In fact, we are predicting this crash will be even more devastating than the 1929 crash…

…the ramifications of which will hit the economy and Americans deeper than anything we’ve ever seen.

Our 27-year-old research firm feels so strongly about this, we’ve just produced a video to warn investors called, “The Great Crash of 2014.”

In case you are not familiar with our research work on the stock market:

In late 2001, in the aftermath of 9/11, we told our clients to buy small-cap stocks. They rose about 100% after we made that call.

We were one of the first major advisors to turn bullish on gold.

Throughout 2002, we urged our readers to buy gold stocks; many of which doubled and even tripled in price.

In November of 2007, we started begging our customers to get out of the stock market.

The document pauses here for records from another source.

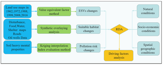 The comprehensive environmental effects were evaluated in this paper from three aspects, the change of ESVs, habitat suitability for water birds, and pollution risk of soil heavy mental. The ESVs and habitat suitability were assessed based on the value equivalent factor method and synthetic overlaying analysis of factors, respectively. The pollution risk was assessed by kriging interpolation and index evaluation. Then, the driving factors of comprehensive environmental effects were studied through redundancy analysis (RDA) from natural, socio-economic, and spatial geographic conditions, as shown in Figure 2.
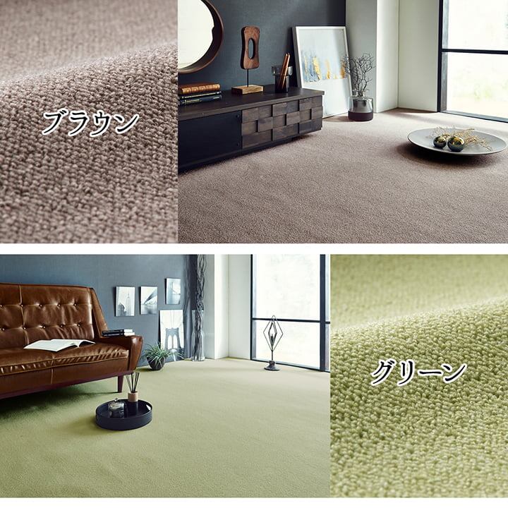 安心の日本製カーペットです。表地には撥水加工を施しておりますので,汚れにくくお手入れも簡単です。表地のパイル部分にはナイロンを使用しています。ナイロンは強度や摩耗に強く,速乾性があり,また遊び毛も出にくいなどの特徴があります。敷き詰めカーペットとしてのご使用にも適しています。抗菌防臭機能付きで,季節を選ばずオールシーズンご使用頂けます。安心の防炎加工です。フローリングを傷つけにくいよう,裏には不織布を貼っております。
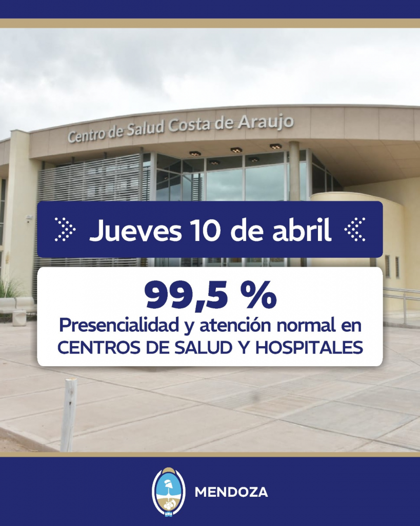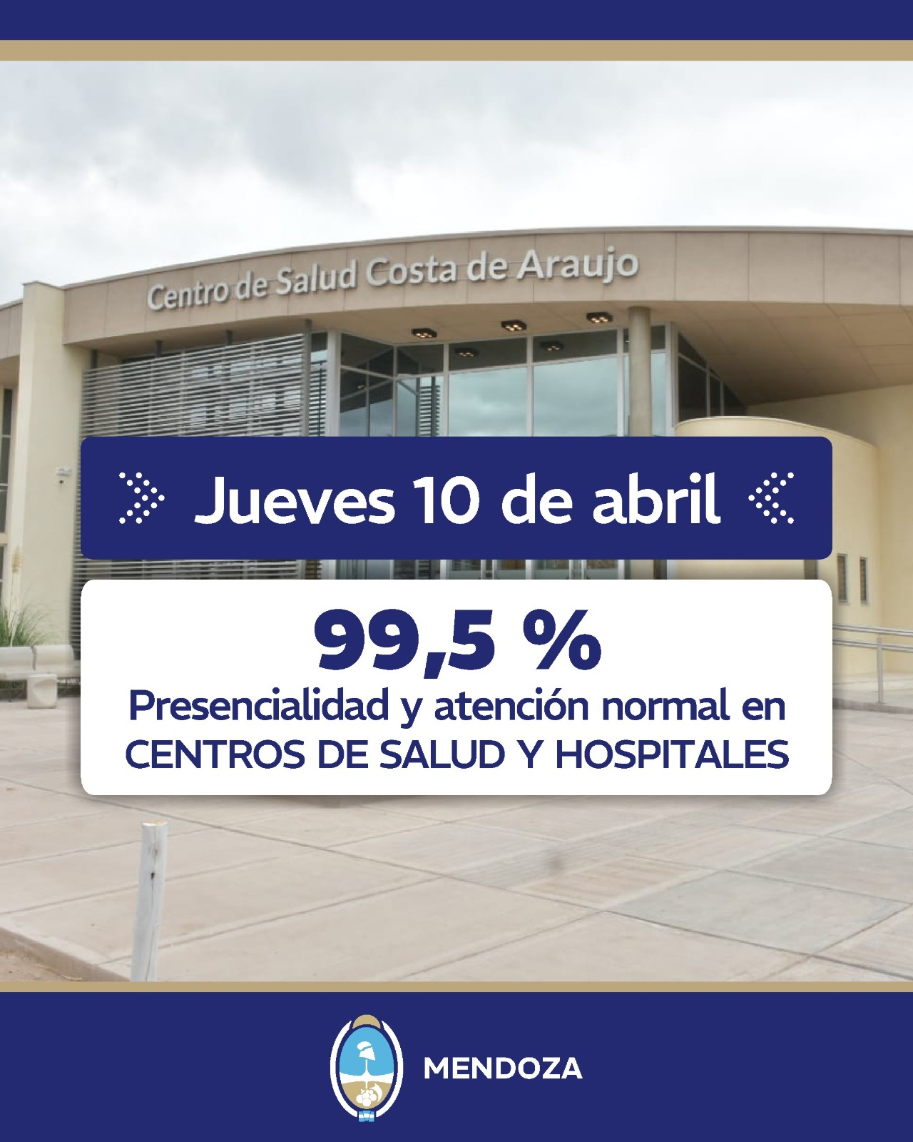 Por otra parte, el sistema público de salud tampoco se vio resentido. Desde el Ministerio de Salud informaron que la presencialidad en nosocomios y centros sanitarios alcanzó el 99,5%.
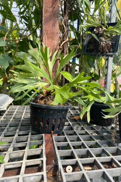 A stunning hybrid staghorn fern known for its elegant, elongated thin leaves that radiate in a shield-like formation. This unique species thrives in bright, indirect light and high humidity, making it a striking choice for mounted displays or hanging planters. Easy to care for and visually captivating, it’s perfect for any plant enthusiast looking to add a tropical touch to their collection.
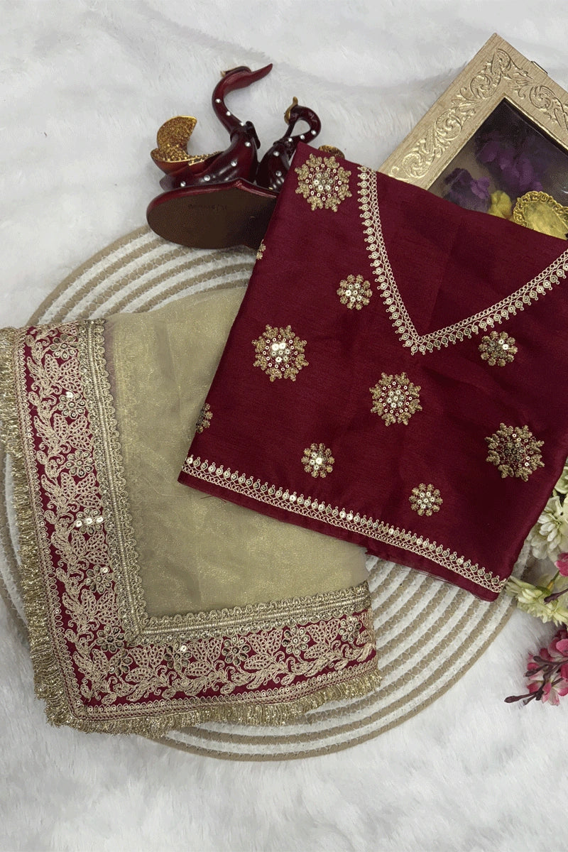 • Work: Beautiful Sequins and Dori Embroidery Work with Fancy Lace Border
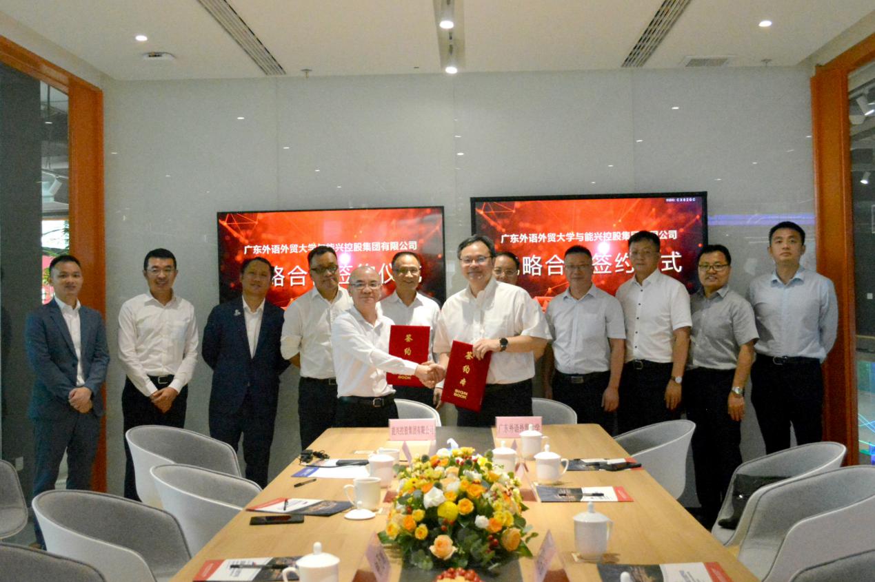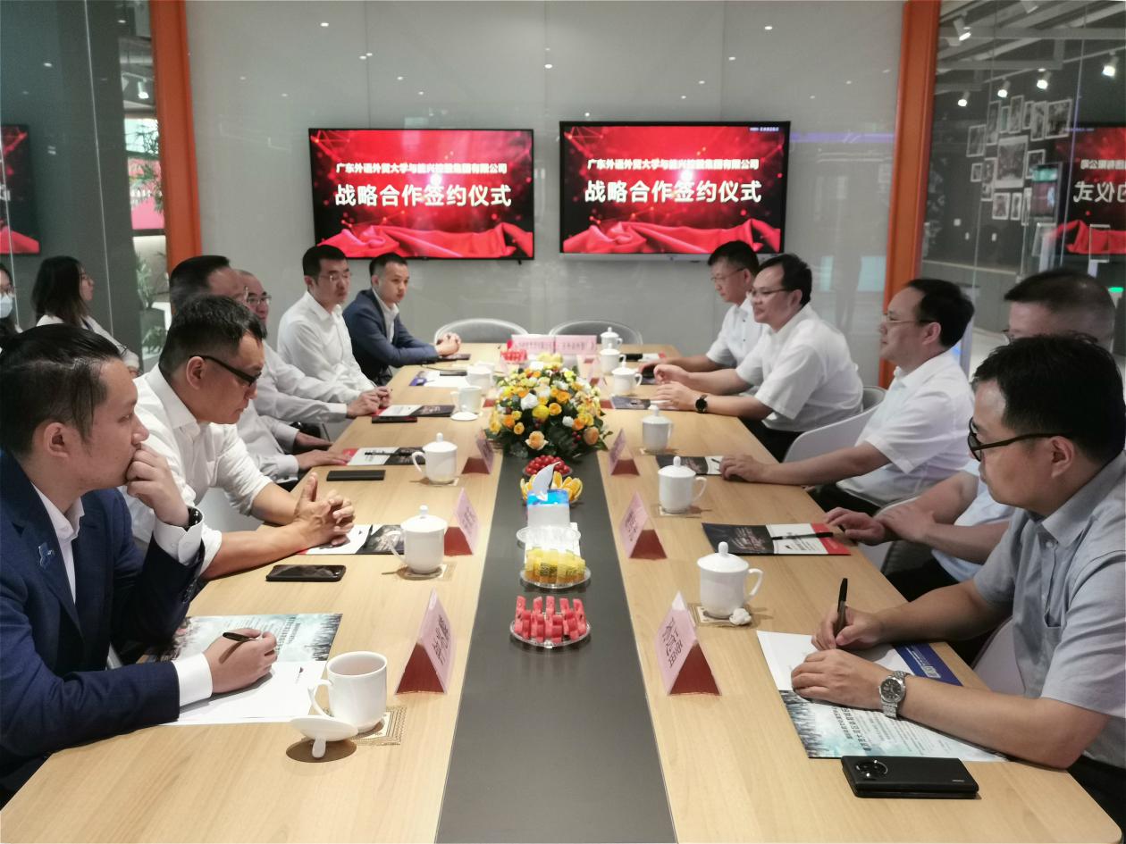 本网讯 7月31日,我校校长石佑启、副校长刘建达率相关职能部门负责人到访能兴控股集团有限公司并签订校企战略合作协议。能兴集团董事局名誉主席、广外校董钟乃雄,董事局主席陈俐接待了石佑启一行。
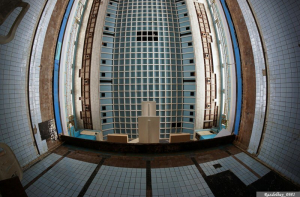 Общий вид на центральную ванну 1, которую во времена дельфинария разделили на неравные части кирпичной перегородкой с подводными окнами.
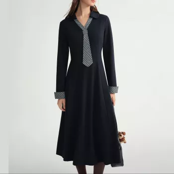 Women's Winter Plaid Tie-Neck Shift Dress with Asymmetric Panel Design

Shortly afterwards, it was widely recognized that October 2007 was the top for stocks.

We correctly predicted the crash in the stock market of 2008 and early 2009.

And in March of 2009, we started telling our readers to jump into small caps. The Russell 2000 gained about 175% from when we made that call in 2009 to today.

Many investors will find our next prediction hard to believe until they see all the proof we have to back it up.

Even if you don’t own stocks, what’s about to happen will affect you!

I urge you to be among the first to get our next major prediction.
See it here now in this just-released alarming video.